■ WORK TO BE COMPLETED ■
Reproduce the listing below from the line with "Ahora los Bigsby" to the line with "Quebec Route 389", both lines included, character for character, minus any pictures.

■ DATA FOR ANALYSIS ■
----
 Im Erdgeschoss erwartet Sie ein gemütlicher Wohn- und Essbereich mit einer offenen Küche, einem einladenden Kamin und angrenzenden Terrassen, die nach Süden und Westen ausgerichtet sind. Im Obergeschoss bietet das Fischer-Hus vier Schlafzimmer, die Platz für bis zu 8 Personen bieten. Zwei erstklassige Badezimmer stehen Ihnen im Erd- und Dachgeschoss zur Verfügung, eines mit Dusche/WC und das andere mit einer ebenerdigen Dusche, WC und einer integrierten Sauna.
----
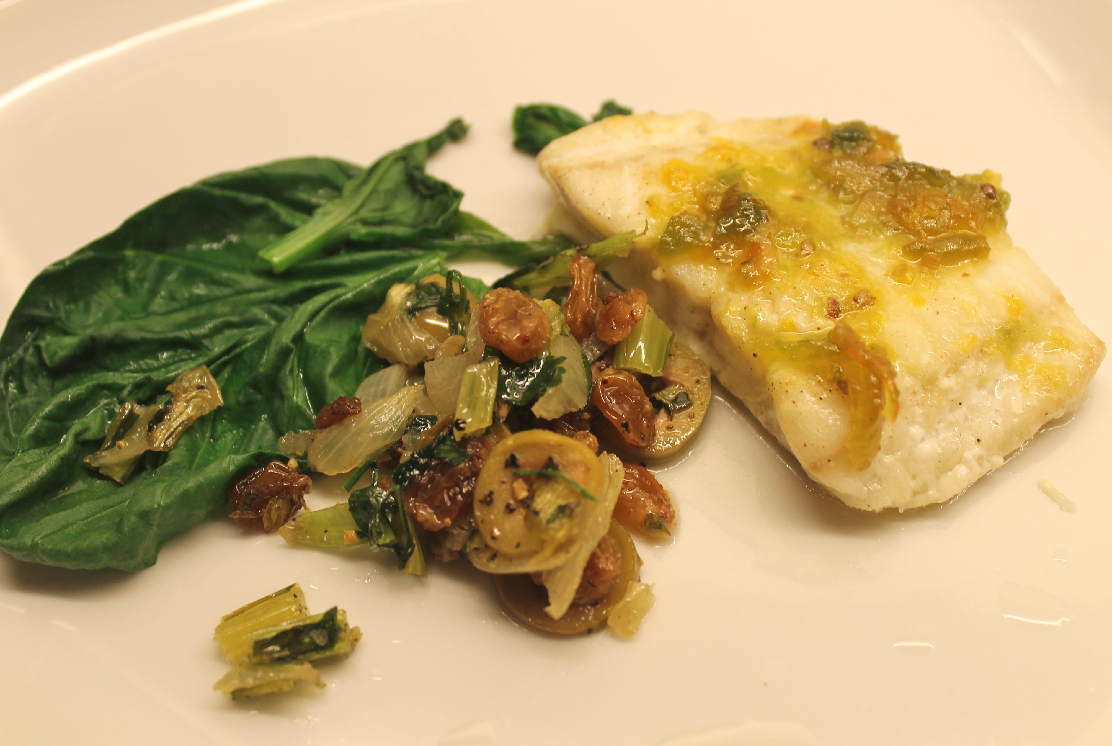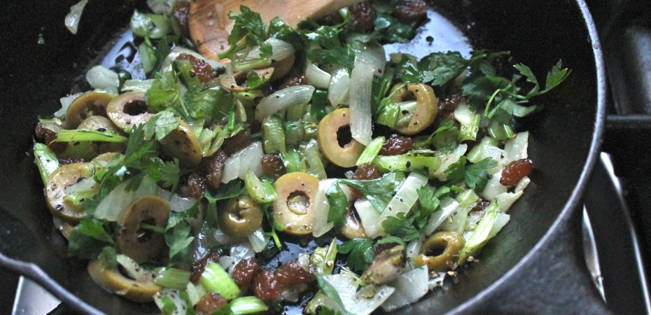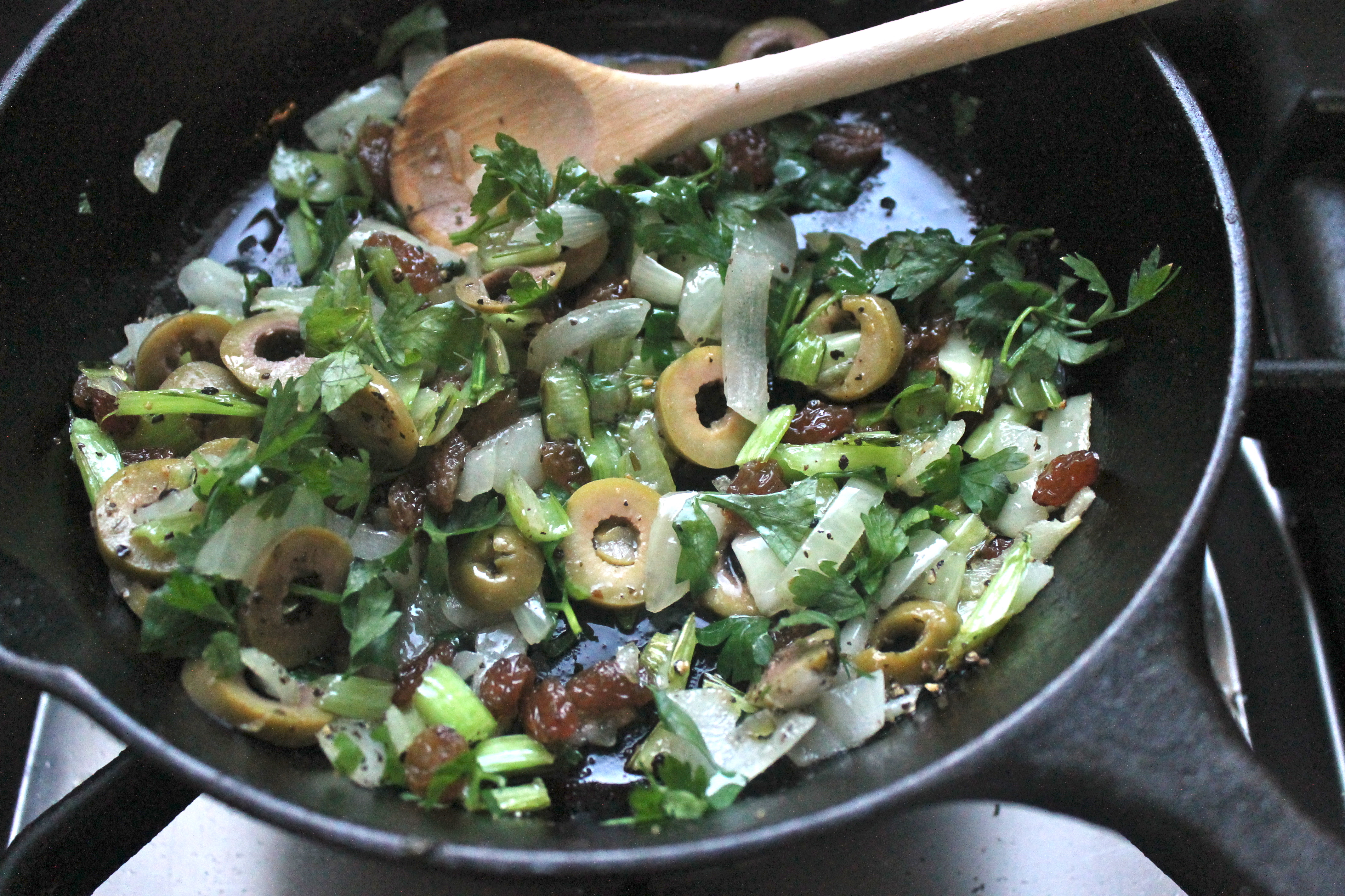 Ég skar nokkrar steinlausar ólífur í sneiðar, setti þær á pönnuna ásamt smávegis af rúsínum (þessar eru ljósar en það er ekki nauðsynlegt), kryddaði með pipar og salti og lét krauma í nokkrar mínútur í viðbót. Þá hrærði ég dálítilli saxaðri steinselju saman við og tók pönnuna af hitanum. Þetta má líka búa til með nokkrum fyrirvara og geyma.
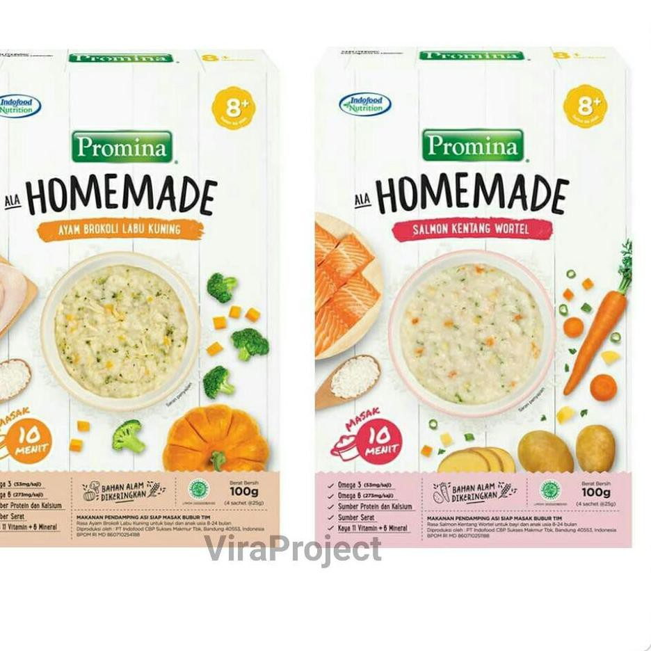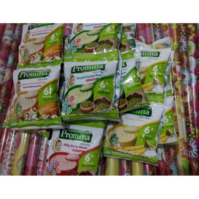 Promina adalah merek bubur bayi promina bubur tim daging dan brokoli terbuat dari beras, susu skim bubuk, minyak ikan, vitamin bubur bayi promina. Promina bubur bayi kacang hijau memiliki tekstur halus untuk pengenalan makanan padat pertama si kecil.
----
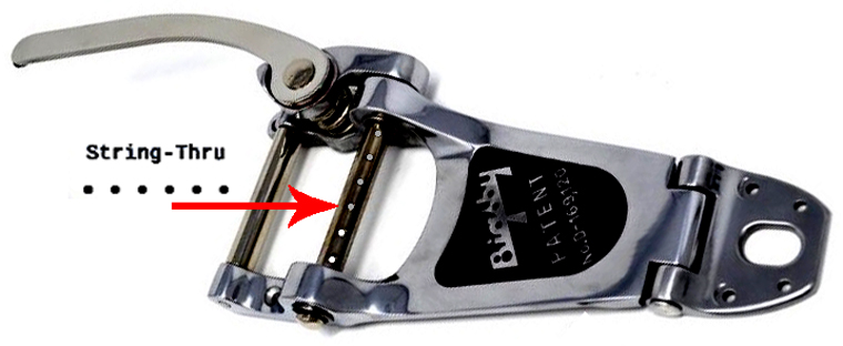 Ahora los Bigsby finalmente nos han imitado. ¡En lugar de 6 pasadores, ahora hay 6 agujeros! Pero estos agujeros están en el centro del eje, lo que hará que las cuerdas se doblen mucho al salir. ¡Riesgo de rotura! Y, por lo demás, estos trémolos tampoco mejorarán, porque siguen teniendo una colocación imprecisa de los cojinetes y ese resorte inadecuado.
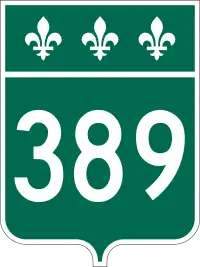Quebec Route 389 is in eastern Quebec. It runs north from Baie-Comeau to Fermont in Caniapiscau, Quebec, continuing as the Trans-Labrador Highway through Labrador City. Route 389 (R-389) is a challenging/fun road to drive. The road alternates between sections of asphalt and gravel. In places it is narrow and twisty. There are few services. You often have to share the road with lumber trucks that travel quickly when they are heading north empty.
----
■ SOLUTION TO THIS EXERCISE ■
 Ahora los Bigsby finalmente nos han imitado. ¡En lugar de 6 pasadores, ahora hay 6 agujeros! Pero estos agujeros están en el centro del eje, lo que hará que las cuerdas se doblen mucho al salir. ¡Riesgo de rotura! Y, por lo demás, estos trémolos tampoco mejorarán, porque siguen teniendo una colocación imprecisa de los cojinetes y ese resorte inadecuado.
Quebec Route 389 is in eastern Quebec. It runs north from Baie-Comeau to Fermont in Caniapiscau, Quebec, continuing as the Trans-Labrador Highway through Labrador City. Route 389 (R-389) is a challenging/fun road to drive. The road alternates between sections of asphalt and gravel. In places it is narrow and twisty. There are few services. You often have to share the road with lumber trucks that travel quickly when they are heading north empty.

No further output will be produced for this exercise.